A much-anticipate­d statement of defence from Industry Canada is expected this month. Meanwhile, Bitove’s $44 million in Mobilicity is in limbo as is the $312 million Quadrangle tossed into the company. Private-sector players have sued government­s before, but these lawsuits rarely get to court and everyone involved knows as much. That’s why aside from trying to embarrass Ottawa, Quadrangle’s end game is to resurrect Telus’s $350- million offer.

That gambit likely won’t succeed. For one, attempts to persuade Ottawa to reconsider, including court-ordered mediation with former Ontario Chief Justice Warren Winkler during the summer, failed. At the same time, Telus bailed, withdrew its offer and refused to participat­e in the mediation talks. Bitove and his U.S. partners alleged that federal Minister of Industry James Moore “threatened economic sanctions against Telus if it did not permanentl­y abandon” its efforts to buy Mobilicity. Too bad that explosive claim probably won’t ever be tested in a courtroom.

In any event, the damage has been done. By blocking the sale to Telus, the government has practicall­y assured that Mobilicity will fetch far less than the $350 million Telus was willing to pay. Consider that a deep-pocketed consortium of investors from Canada and the U.S. paid $285 million to help Globalive Wireless Management Corp. consolidat­e its control of Wind, the other fledgling startup, which has emerged as the fourth-largest service provider in Canada with close to 800,000 subscriber­s. With only 156,300 active subscriber­s, Mobilicity’s estimated value falls in the range of $125 million to $150 million. In other words, Mobilicity almost pulled off a heist — and its investors know it. Notwithsta­nding the political pressure to stay out of the fray, it’s hard to imagine why Telus would return with the same rich offer.

With new entrants accounting for less than 4% of the country’s wireless market at the end of 2013, Ottawa’s dream for a vibrant fourth carrier to take on the big three incumbents — Bell, Rogers and Telus — looks more like a fantasy.
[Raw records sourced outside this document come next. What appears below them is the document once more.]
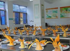 2013年8月16日上午,在紧张欢快的氛围当中广西华南烹饪学校两年制大厨精英115班在大学路校区迎来了他们的毕业考试。本次考试内容包括《像形拼盘制作》、《雕刻技能》、《刀工技能》、《热菜技能》以及《中式烹调师中
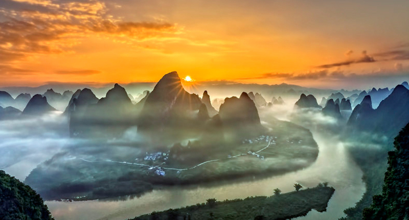 One thing is critical: rainfall plays an essential role to generate dramatic weather conditions in the Li River region. Generally, if there is a change in weather, for example, having had 2 or 3 days of rain followed by sunny days, then a dramatic sunrise or sunset will likely occur on the third or fourth sunny day after the rain.
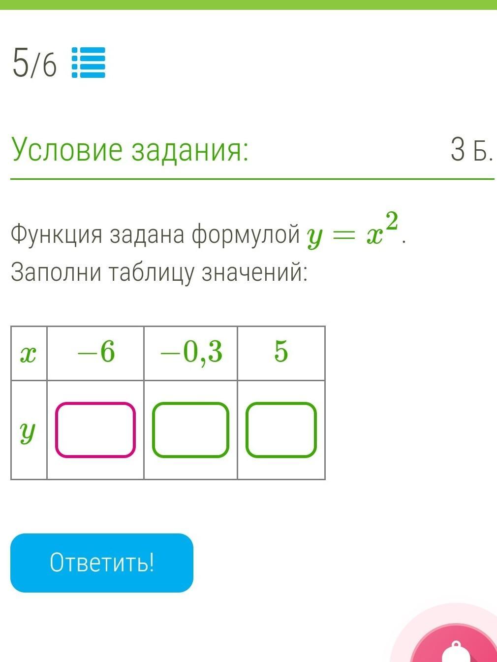х = -6; у = (-6)² = 36
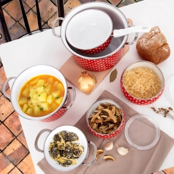 Kakovosten emajl na jeklu je higieničen, enostaven za čiščenje in v kombinaciji z belimi pikami kuhinji doda brezčasen videz.
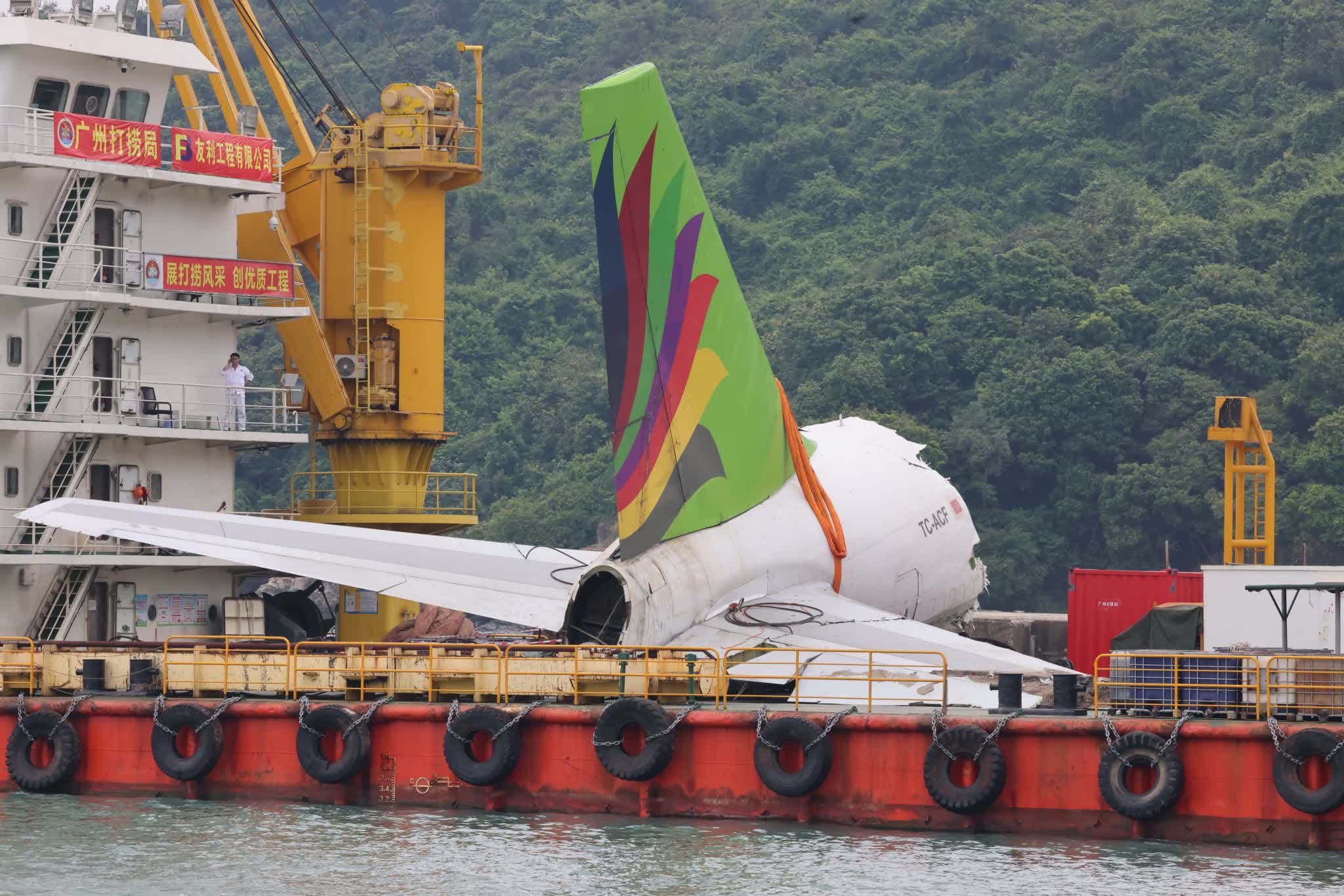 今日早上10時許,打撈船「南天鵬」將貨機機尾運走,而昨日打撈起的前半部貨機機身及機頭則置放在半潛船「重任1500」,亦於早上11時許往大嶼山欣澳方向運走。直至下午,貨機的機尾、前半部機身及機頭相繼運抵倒扣灣,但見貨機的機頭損毀最為嚴重,引擎、右邊機翼與機身銜接部分亦有明顯損毀;其間,打撈船工人在船上及岸上進行協調,規劃署及警方新界南刑事部探員,相繼抵達現場了解情況。
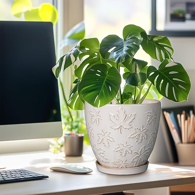 • Stylish Appearance: Our ceramic planter has a white main colour, a beautiful embossed maple leaves pattern on the surface, elegant appearance making it ideal for home decor, garden decor and office decor
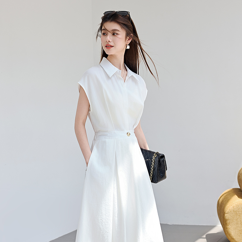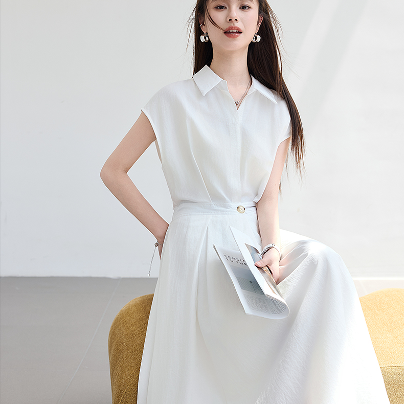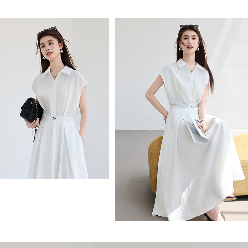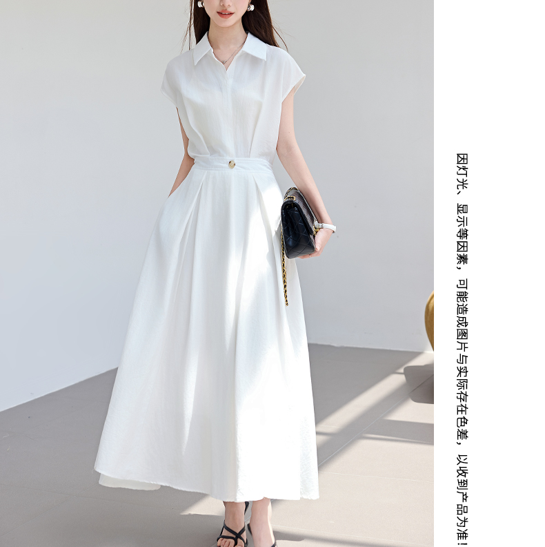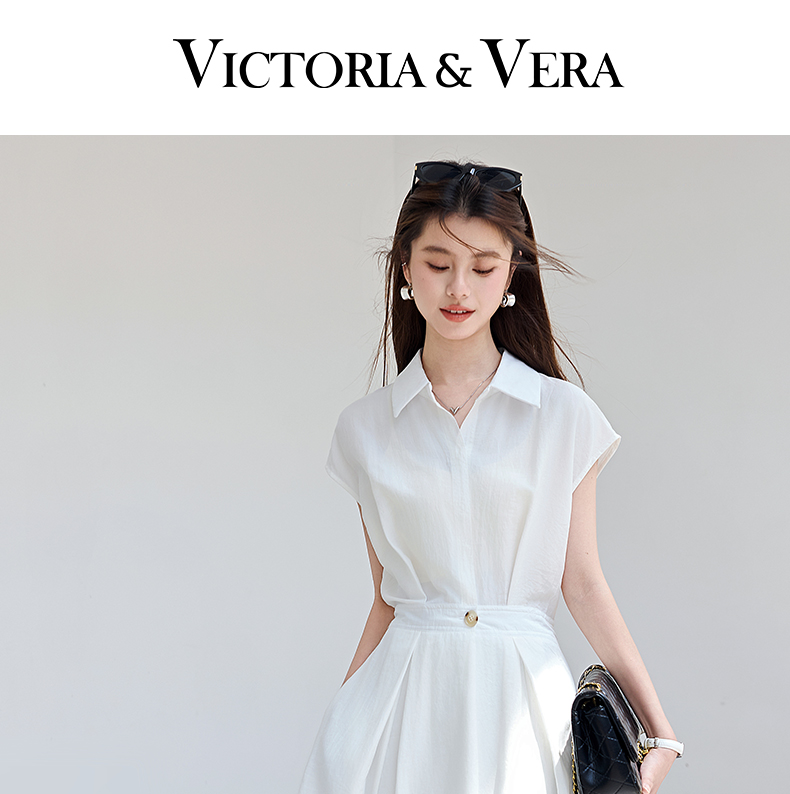 VICTORIA&VERA夏季“赫本新生代”系列插肩袖翻领连衣裙单排扣可解中长款显瘦通勤遮手臂职场裙---
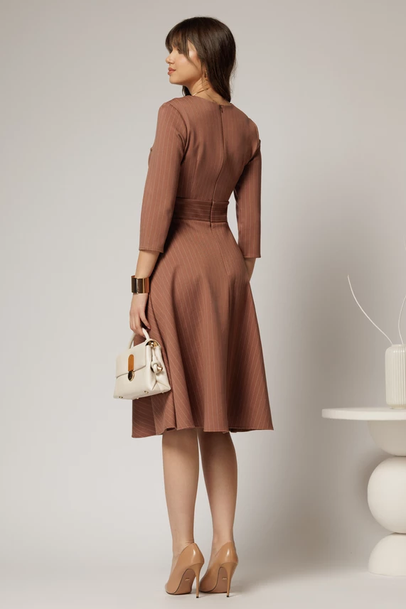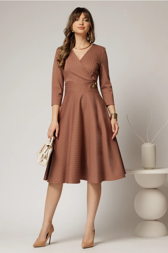 Este o rochie midi bej in dungi din jerse, cu fusta in clos si decolteul petrecut. Rochia are maneci trei sferturi si detaliu auriu pe talie.

Its policy waffling should put a chill on future investors. Undeterred, the federal government plans another spectrum auction in early 2015. Mobilicity will be forced to sit on the sidelines, shackled by bankruptcy courts. The auction will afford startups another opportunit­y to bulk up, making them more attractive and worsening any prospects of a decent recovery for Mobilicity’s investors.